This list doesn't exclude deleted revisions, Kate's tool might. I haven't checked to see if deleted articles count as deleted revisions or not. Jamesday 04:56, 26 July 2005 (UTC)

Well done on getting the update out. I'm sure any remaining statistical gremlins will be sorted out before long. -- Solipsist 06:28, 26 July 2005 (UTC)

That's incredible, I'm number 3? I know I'm in the top ten but I was thinking closer to 10 than 1. But if the numbers are right, well, that's really cool.
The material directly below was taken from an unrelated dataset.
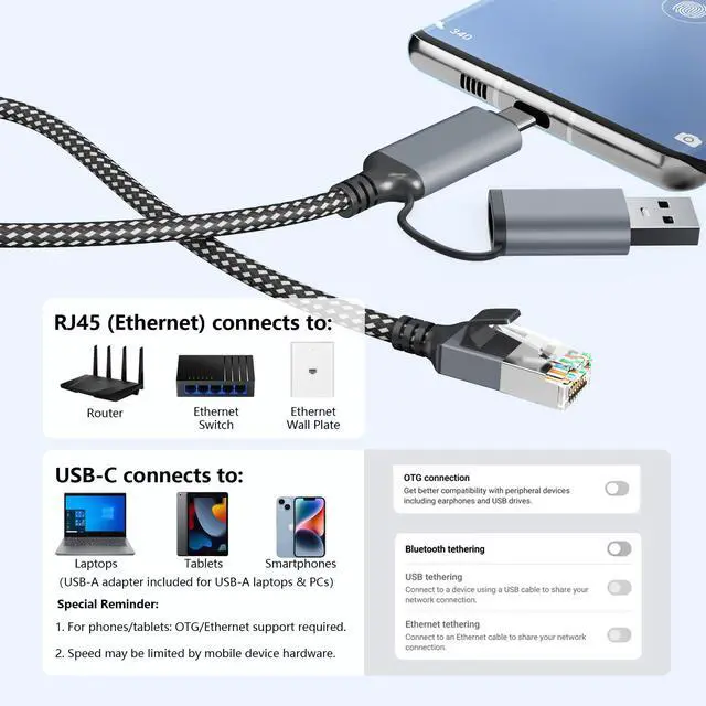 | Special Reminder | 1. Requires OTG support and Ethernet tethering compatibility on mobile and tablet devices |

Everyking 06:56, 26 July 2005 (UTC)

I updated Wikipedia:List of Wikipedians by number of recent edits for the for the dates 1JUN - 24JUL from the data given on this page. See how ya'll like it. I didn't mark all the bots and left some out. If someone feels like adjusting that, that would be great. I only did main namespace for now, I guess I could do all namespaces at some point. Who?¿? 10:20, 26 July 2005 (UTC)

Another update maybe?

Is there going to be regular updates here, or is it too much work? I don't know the computer work involved but from the discusions above it sounded like people had things figured out. Anyways, just wondering. - Trevor MacInnis(Talk | Contribs) 15:54, 20 September 2005 (UTC)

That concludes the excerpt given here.